# Floaters Aug. 2-3



## Slightly Dangerous (May 21, 2004)

I am planning a trip to the floaters for August 2-3 out of Freeport. Leaving BB at about 0630 and returning Sunday after the morning bite. It will be a no-moon period so the fishing should be pretty good and seas are predicted at 3' or less.

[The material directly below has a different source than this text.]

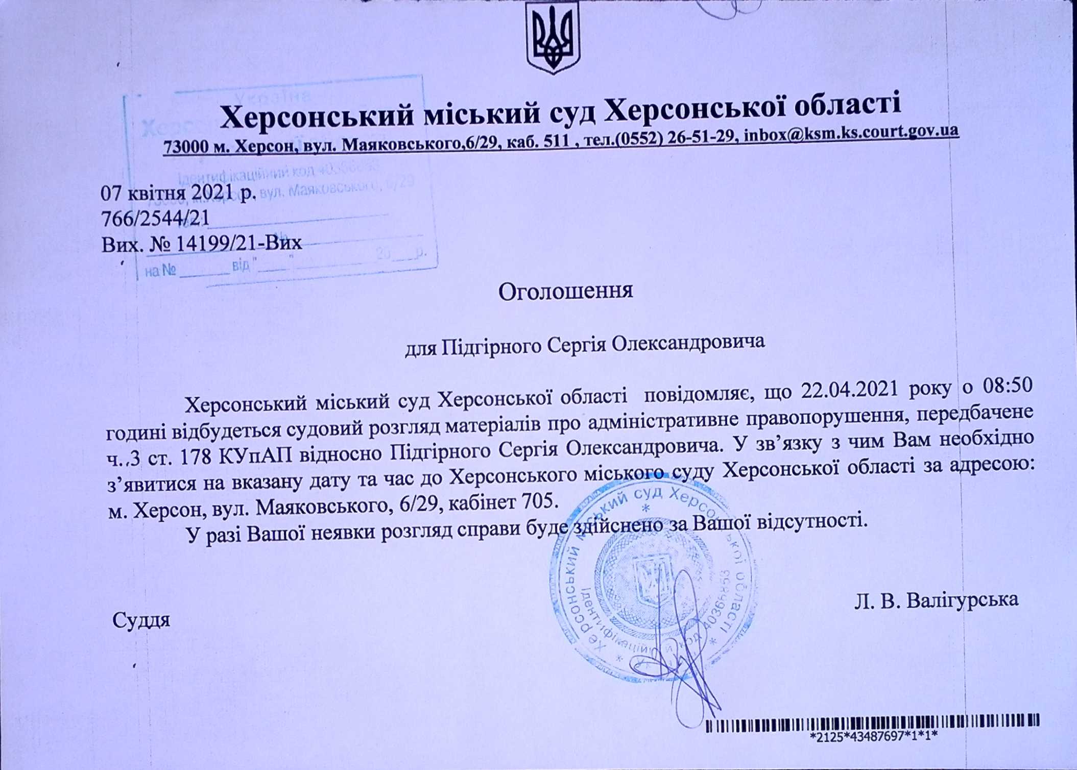 ОГОЛОШЕННЯ ПРО ВИКЛИК ДО СУДУ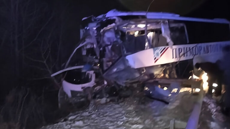 На трассе «Раздольное — Хасан» в районе поселка Барабаш Хасанского района 22 января столкнулись пассажирский автобус и грузовик. В результате погибли три человека, еще девять получили травмы различной степени тяжести и были госпитализированы.

I have room for 2 crew on a 30' CC with twin 225's. All safety equipment. PM if interested.
Jerry


----------



## country7 (May 27, 2007)

cant this wait till next week?


----------



## rsjimenez (Jul 14, 2008)

PM Sent


----------



## Slightly Dangerous (May 21, 2004)

Have full crew.

Thanks for all the replies.


----------



## mad marlin (Jan 17, 2008)

Slightly Dangerous said:


> I am planning a trip to the floaters for August 2-3 out of Freeport. Leaving BB at about 0630 and returning Sunday after the morning bite. It will be a no-moon period so the fishing should be pretty good and seas are predicted at 3' or less.
> 
> I have room for 2 crew on a 30' CC with twin 225's. All safety equipment. PM if interested.
> Jerry


we are also planning to head out 2 the floaters the same days any chance to buddy boat ? 31 fountain sportfisher.
anthony


----------



## RatherBFishing (Jun 10, 2005)

Anthony! Just got back from dallas. You got room for 1 more? Let put thoses popper I got from you to use.


----------